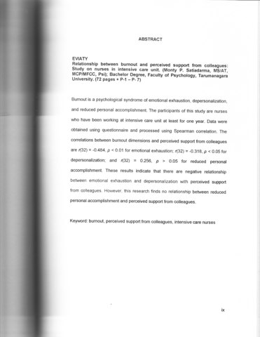 Burnout is a psychological syndrome of emotional exhaustion. depersonalization, and reduced personal accomplishment. The participants of this study are nurses who have been working at intensive care unit at least for one year. Data were obtained using questionnaire and processed using Spearman correlation. The correlation between burnout dimensions and perceived support from colleagues are r(32) = -0.484. p < 0.01 for emotional exhaustion; r(32) = -0.318, p < 0.05 for depersonalization; and r(32) = 0.256 , p > 0.05 for reduced personal accomplishment. These results indicate that there are negative relationship between emotional exhaustion and depersonalization with perceived support from colleagues . However. this research finds no relationship between reduced personal accomplishment and perceived support from colleagues.
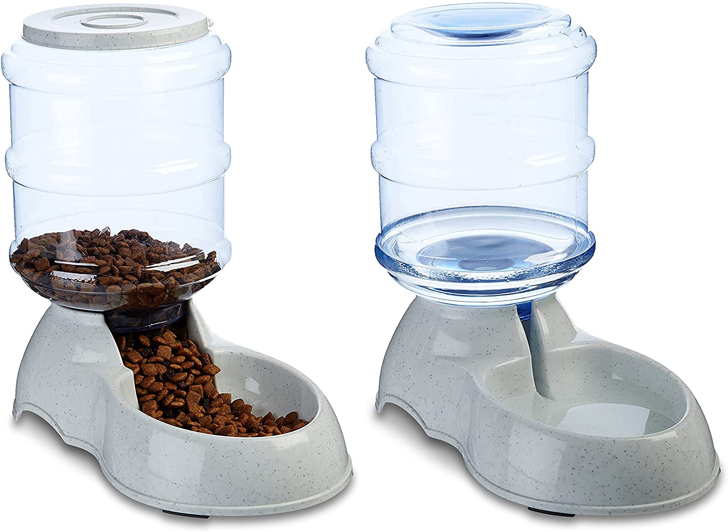 Basics Gravity Pet Food Feeder and Water Dispenser Bundle, Small (1-Gallon Capacity)
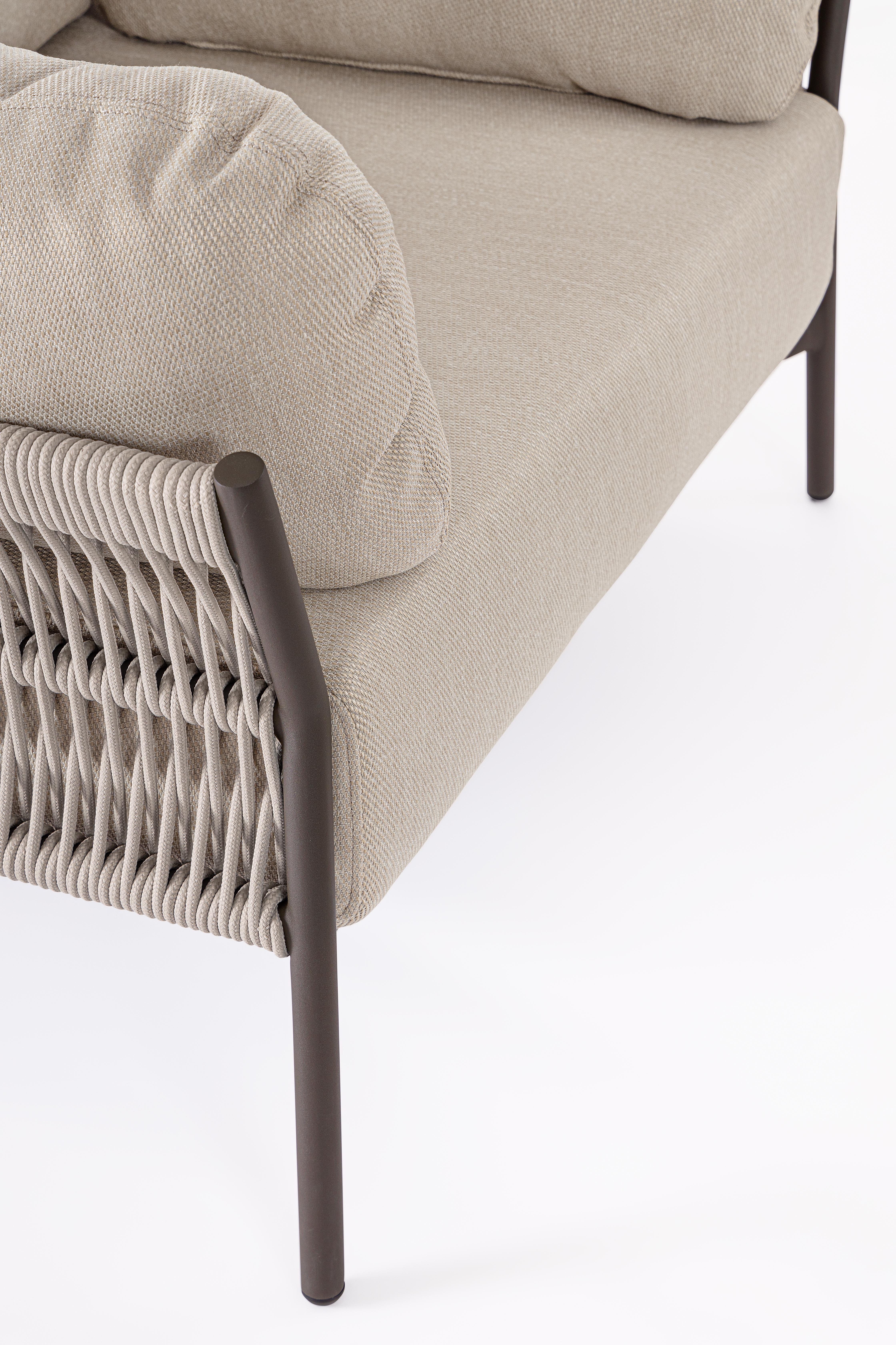 Σκελετός αλουμινίου, με επίστρωση πούδρας (πολυεστέρας).Πλέξη από σχοινί tetoron (100% πολυεστέρας). Περιλαμβάνει μαξιλάρι πλάτης και καθίσματος με αφαιρούμενο κάλυμμα από Ακρυλικό ύφασμα. Διαθέσιμο κατόπιν παραγγελίας εντός 20 εργάσιμων ημερών
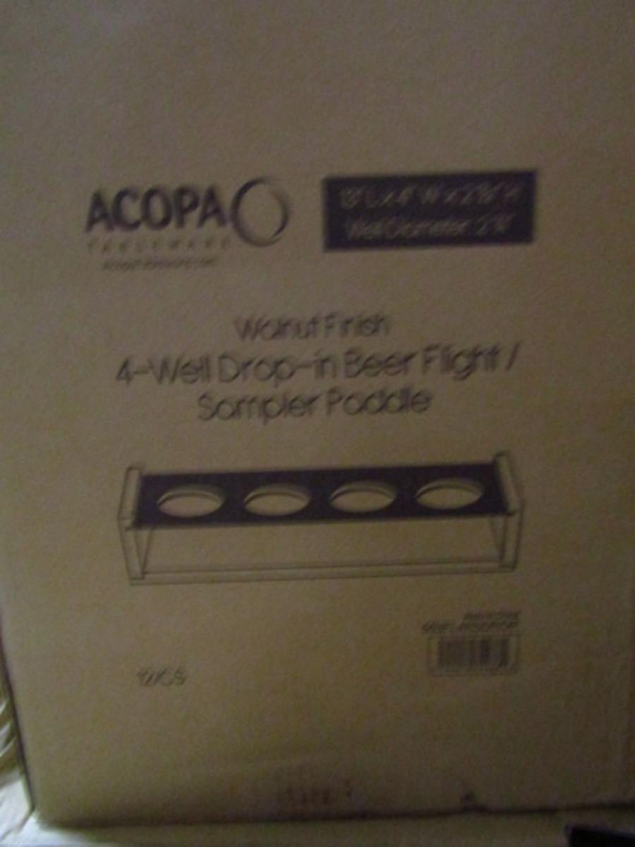Acopa Walnut Finish 4-Well Drop-In Beer Flight/Sampler Paddles: 2 Cases (24 Pcs.)- (#46-C).
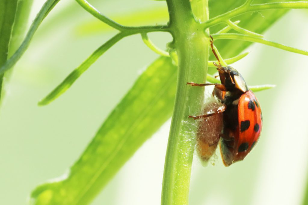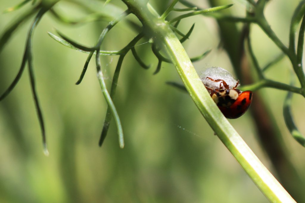 Marienkäfer sind geschickte Räuber, die Milben, Wanzen, Larven oder Blattläuse jagen. Manchmal aber werden sie auch selbst zur Beute. Eine ihrer Todfeinde ist die Marienkäfer-Brackwespe (Dinocampus coccinellae), ein Parasit. Sie sticht den Käfer in den Bauch und legt ihre Eier in seinem Körper ab. Die Marienkäfer-Brackwespen-Larven wachsen im Käfer und werden von dessen Stoffwechsel miternährt. Zum Beispiel, wenn der Käfer eine Portion schwarzer Blattläuse auf meinem Balkon futtert.

━━━━━━━━━━━━━━━━━━━━━━━━━━━━━━

Instructions for the task> Every record should be duplicated exactly, though any picture in it must be left out.

Written response>
 Burnout is a psychological syndrome of emotional exhaustion. depersonalization, and reduced personal accomplishment. The participants of this study are nurses who have been working at intensive care unit at least for one year. Data were obtained using questionnaire and processed using Spearman correlation. The correlation between burnout dimensions and perceived support from colleagues are r(32) = -0.484. p < 0.01 for emotional exhaustion; r(32) = -0.318, p < 0.05 for depersonalization; and r(32) = 0.256 , p > 0.05 for reduced personal accomplishment. These results indicate that there are negative relationship between emotional exhaustion and depersonalization with perceived support from colleagues . However. this research finds no relationship between reduced personal accomplishment and perceived support from colleagues.
 Basics Gravity Pet Food Feeder and Water Dispenser Bundle, Small (1-Gallon Capacity)
 Σκελετός αλουμινίου, με επίστρωση πούδρας (πολυεστέρας).Πλέξη από σχοινί tetoron (100% πολυεστέρας). Περιλαμβάνει μαξιλάρι πλάτης και καθίσματος με αφαιρούμενο κάλυμμα από Ακρυλικό ύφασμα. Διαθέσιμο κατόπιν παραγγελίας εντός 20 εργάσιμων ημερών
Acopa Walnut Finish 4-Well Drop-In Beer Flight/Sampler Paddles: 2 Cases (24 Pcs.)- (#46-C).
 Marienkäfer sind geschickte Räuber, die Milben, Wanzen, Larven oder Blattläuse jagen. Manchmal aber werden sie auch selbst zur Beute. Eine ihrer Todfeinde ist die Marienkäfer-Brackwespe (Dinocampus coccinellae), ein Parasit. Sie sticht den Käfer in den Bauch und legt ihre Eier in seinem Körper ab. Die Marienkäfer-Brackwespen-Larven wachsen im Käfer und werden von dessen Stoffwechsel miternährt. Zum Beispiel, wenn der Käfer eine Portion schwarzer Blattläuse auf meinem Balkon futtert.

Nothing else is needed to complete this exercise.